A still from Interstellar.

When does a film present the theme of climate change sensitively and fairly? I argue that films that present climate-related themes like global warming and ecocide as a fundamental essence of the film which is deeply rooted in its structure, plot, and pacing are truer and better films — Snowpiercer and Interstellar fall into this category for me. On the other hand, when films throw around terms like ‘climate change’ and ‘global warming’ which could easily be traded with any other global problem like ‘nuclear war’ or ‘human greed’, it is clear that this theme is only presented superficially and as a corporate attempt at presenting the film as so progressive and so woke. These notions of climate action and environmental consciousness are just corporate attempts at greenwashing and greenlighting their audience. Technically this doesn’t apply to Geostorm, but Geostorm is so bad that I think we can call it an exception to the rule.

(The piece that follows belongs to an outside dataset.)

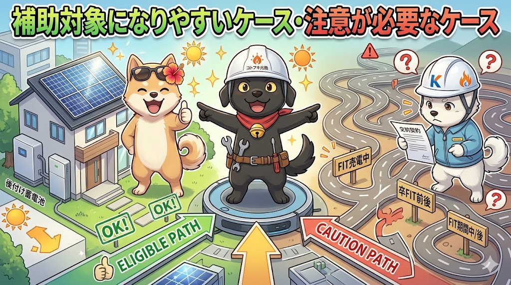 単純に「蓄電池だけなら何でも対象」という考え方ではありません。既設太陽光との接続や導入区分によって見方が変わるため、個別確認が必要です。

The main takeaway from this rambly, long-ass essay is that you should pay attention to what you consume. Corporate America is so good at pandering to trending causes that it’s easy for anyone to get caught up in the fever of it all. We’ve already seen what I’d call racewashing and pridewashing, with the aforementioned Pepsi advertisement and Disney promotional tactics as examples that give me close to no faith in humanity and push me to the edge of thinking that we should all embrace socialist hellscapes rather than capitalist hellscapes. I don’t think we should be giving money to films and producers that think consumers are so stupid and gullible that mentioning climate change in passing will suddenly have us drooling and praising their movies as the Taxi Drivers of our time. In conclusion, pay attention to what you watch, pay attention to what corporate movies are telling you, don’t watch Aquaman 2. Please.